Every product definition change at JPMorgan Chase required a $50K engineering project with a 6-month lead time. Business teams across 8 units had no way to update product configurations, pricing rules, or eligibility criteria without filing engineering tickets and waiting months.

This created a massive bottleneck. Product teams couldn't respond to market changes. Compliance updates lagged behind regulation timelines. The cost structure made minor changes economically irrational, so they simply didn't happen.

Research & Discovery

I mapped the end-to-end product definition lifecycle across 8 business units, interviewing 50+ stakeholders to understand where the friction lived. The core insight: 80% of changes were low-risk, repetitive updates that didn't require engineering judgment. They required engineering access.

I also discovered that product data was duplicated across 6 downstream channels with no single source of truth. Teams were maintaining parallel spreadsheets, leading to configuration drift and compliance exposure.

Approach

Rather than building a traditional admin tool, I designed a self-service platform with a risk-based change framework. Low-risk changes (metadata updates, standard pricing) flow through automated approval. High-risk changes (new product types, regulatory-impacting rules) route through controlled release trains with compliance review.

The architecture centered on a single source of truth for 180+ product definitions, consumed by all 6 channels through APIs. This meant a change made once propagated everywhere. No more configuration drift.

Solution

The platform launched with a small pilot of 10 users in one business unit. I designed the onboarding experience to be self-service: guided workflows, inline validation, and preview capabilities so users could see exactly what would change before committing.
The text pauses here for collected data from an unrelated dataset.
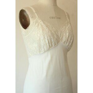 Sweet vintage Van Raalte slip circa 1950s in palest off white/ ivory nylon. The bodice is really pretty with embroidered lace and adjustable straps. The same lace is echoed along the bottom hem. Label reads: Van Raalte, Sauvette, Nylon, and there is the size 36A. But do see the measurements below as well.
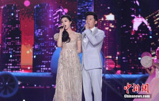 资料图:2015浙江卫视跨年晚会,范冰冰、李晨深情对唱狂“虐狗”。 图片来源:视觉中国
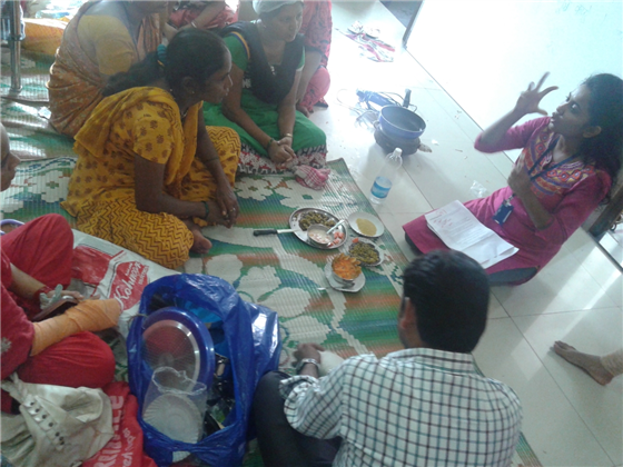 To enlighten the SHGs about the importance of nutrition for children, we conducted this training session. 23 participants from all the 13 SHGs were present for the session that was held on 4th July. Kripa and Bhagyata, trainers from Foundation of Mother and Child Health (FMCH) were present to impart knowledge about the importance of nutrition for children.
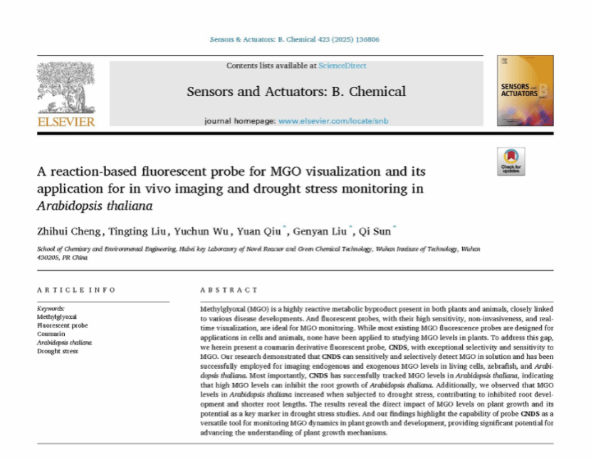 本网讯(通讯员 徐志强)近日,yl34511线路中心化学工程与工艺专业2021级本科生程智慧以第一作者在国际知名期刊Sensors and Actuators: B. Chemical(中科院一区TOP期刊,影响因子8.0)发表了题为《A reaction-based fluorescent probe for MGO visualization and its application for in vivo imaging and drought stress monitoring in Arabidopsis thaliana》的学术论文。yl34511线路中心为唯一署名单位,yl34511线路中心药物先导与功能分子团队刘根炎教授与孙琦副教授为论文共同通讯作者。

We built an integration orchestration layer (Product Adapter) that connects the strategic platform to downstream activation systems and systems of record, digitizing data flows between modern APIs and back-office systems. This allowed us to modernize the user experience without requiring downstream systems to change, a critical constraint in enterprise environments.

Impact

The platform scaled from 0 to 300+ active users across 8 business units. It now processes 1,200+ annual product definition changes (100+ per month) and handles 300K+ API calls annually across 15 downstream integrations.
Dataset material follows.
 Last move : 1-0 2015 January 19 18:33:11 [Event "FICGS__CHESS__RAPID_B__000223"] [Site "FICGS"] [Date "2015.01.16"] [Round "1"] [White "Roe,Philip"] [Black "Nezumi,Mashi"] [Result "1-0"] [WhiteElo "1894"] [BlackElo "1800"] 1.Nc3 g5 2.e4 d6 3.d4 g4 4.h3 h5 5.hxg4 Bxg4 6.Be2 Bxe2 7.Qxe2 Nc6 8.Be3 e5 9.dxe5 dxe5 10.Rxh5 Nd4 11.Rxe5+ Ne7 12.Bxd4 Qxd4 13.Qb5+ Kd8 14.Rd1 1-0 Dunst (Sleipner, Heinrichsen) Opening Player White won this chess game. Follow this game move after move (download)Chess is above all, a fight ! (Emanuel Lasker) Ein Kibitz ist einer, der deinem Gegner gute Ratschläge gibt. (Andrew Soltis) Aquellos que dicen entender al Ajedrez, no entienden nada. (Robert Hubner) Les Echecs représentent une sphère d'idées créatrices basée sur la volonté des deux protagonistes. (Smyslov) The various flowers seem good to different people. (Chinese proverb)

The $4M+ annual cost avoidance comes from eliminating engineering project costs for routine changes. But the bigger impact was velocity: changes that took 6 months now take hours. Teams can respond to regulatory updates, competitive moves, and client needs in near real-time.
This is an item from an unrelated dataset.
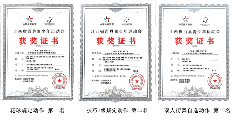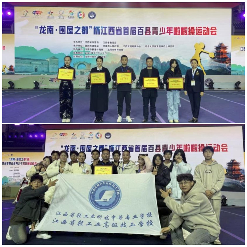 12月9日,2024“龙南·围屋之都”杯江西省首届百县青少年啦啦操运动会顺利闭幕,我校宜春校区刘勋、袁伟、周鑫老师指导的轻工筑梦啦啦操代表队在全省一百多支队伍中凭借精湛的技艺、默契的配合以及出色的表现,获得“团体一等奖”及单项一等奖1个、单项二等奖2个的好成绩。

Over 3 consecutive years, we maintained zero critical audit findings, proving that self-service and governance aren't mutually exclusive when you design the right controls into the platform.

Reflection

The biggest lesson was that enterprise platform adoption is a trust problem, not a technology problem. Users needed to see that self-service changes wouldn't create compliance risk before they'd abandon their spreadsheets.

Building the risk-based change framework, rather than a simple approval workflow, was the key architectural decision. It let us move fast on low-risk changes while maintaining control where it mattered.